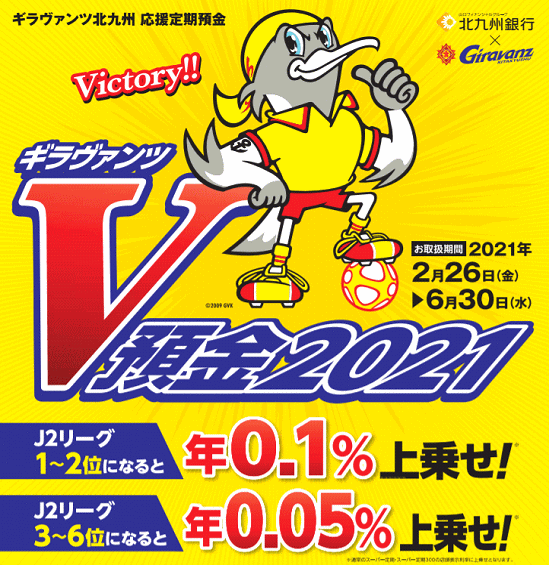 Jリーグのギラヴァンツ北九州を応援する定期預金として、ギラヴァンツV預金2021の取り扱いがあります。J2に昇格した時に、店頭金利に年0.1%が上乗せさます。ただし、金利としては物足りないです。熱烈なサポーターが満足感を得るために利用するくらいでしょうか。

---

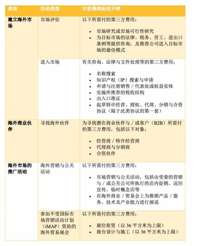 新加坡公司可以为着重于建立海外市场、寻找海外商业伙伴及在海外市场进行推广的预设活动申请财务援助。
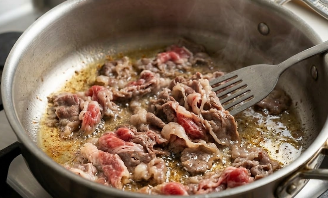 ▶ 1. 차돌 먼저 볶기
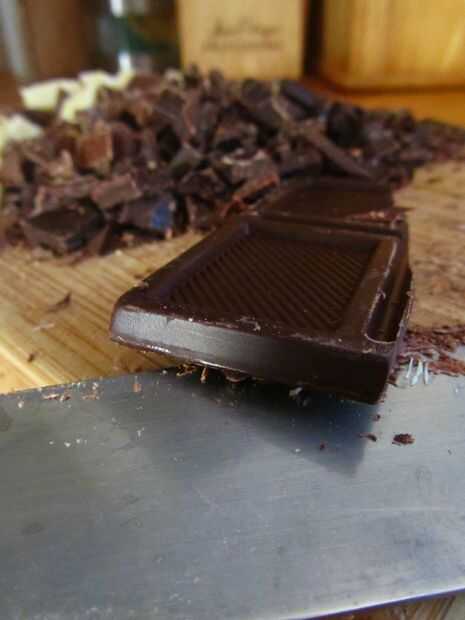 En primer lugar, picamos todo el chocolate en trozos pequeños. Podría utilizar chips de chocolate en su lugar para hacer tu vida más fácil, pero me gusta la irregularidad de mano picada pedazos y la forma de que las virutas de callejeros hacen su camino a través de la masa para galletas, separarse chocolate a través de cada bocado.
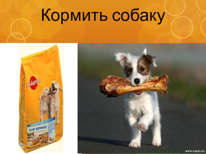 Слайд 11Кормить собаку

--

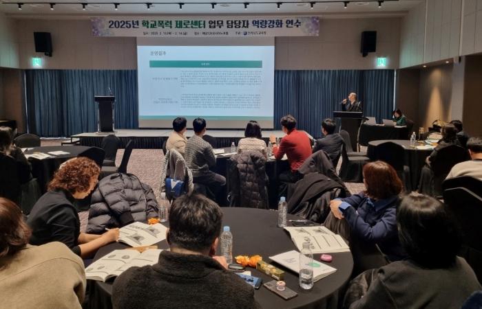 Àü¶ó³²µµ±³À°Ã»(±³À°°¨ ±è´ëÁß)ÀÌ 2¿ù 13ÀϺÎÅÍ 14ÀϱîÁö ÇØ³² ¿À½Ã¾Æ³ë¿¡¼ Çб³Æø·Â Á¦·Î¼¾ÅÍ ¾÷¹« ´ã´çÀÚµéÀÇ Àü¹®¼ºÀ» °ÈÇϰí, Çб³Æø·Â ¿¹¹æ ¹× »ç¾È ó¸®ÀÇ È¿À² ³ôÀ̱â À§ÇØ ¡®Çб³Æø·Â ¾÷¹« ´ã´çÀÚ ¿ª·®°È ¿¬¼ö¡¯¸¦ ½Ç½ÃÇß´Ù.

What is being asked: When you reach the line holding "1. 차돌 먼저 볶기" in the listing above, begin retyping exactly, and stop once the line holding "Слайд 11Кормить собаку" is done; pictures stay out.

Solution to the exercise:
 ▶ 1. 차돌 먼저 볶기
 En primer lugar, picamos todo el chocolate en trozos pequeños. Podría utilizar chips de chocolate en su lugar para hacer tu vida más fácil, pero me gusta la irregularidad de mano picada pedazos y la forma de que las virutas de callejeros hacen su camino a través de la masa para galletas, separarse chocolate a través de cada bocado.
 Слайд 11Кормить собаку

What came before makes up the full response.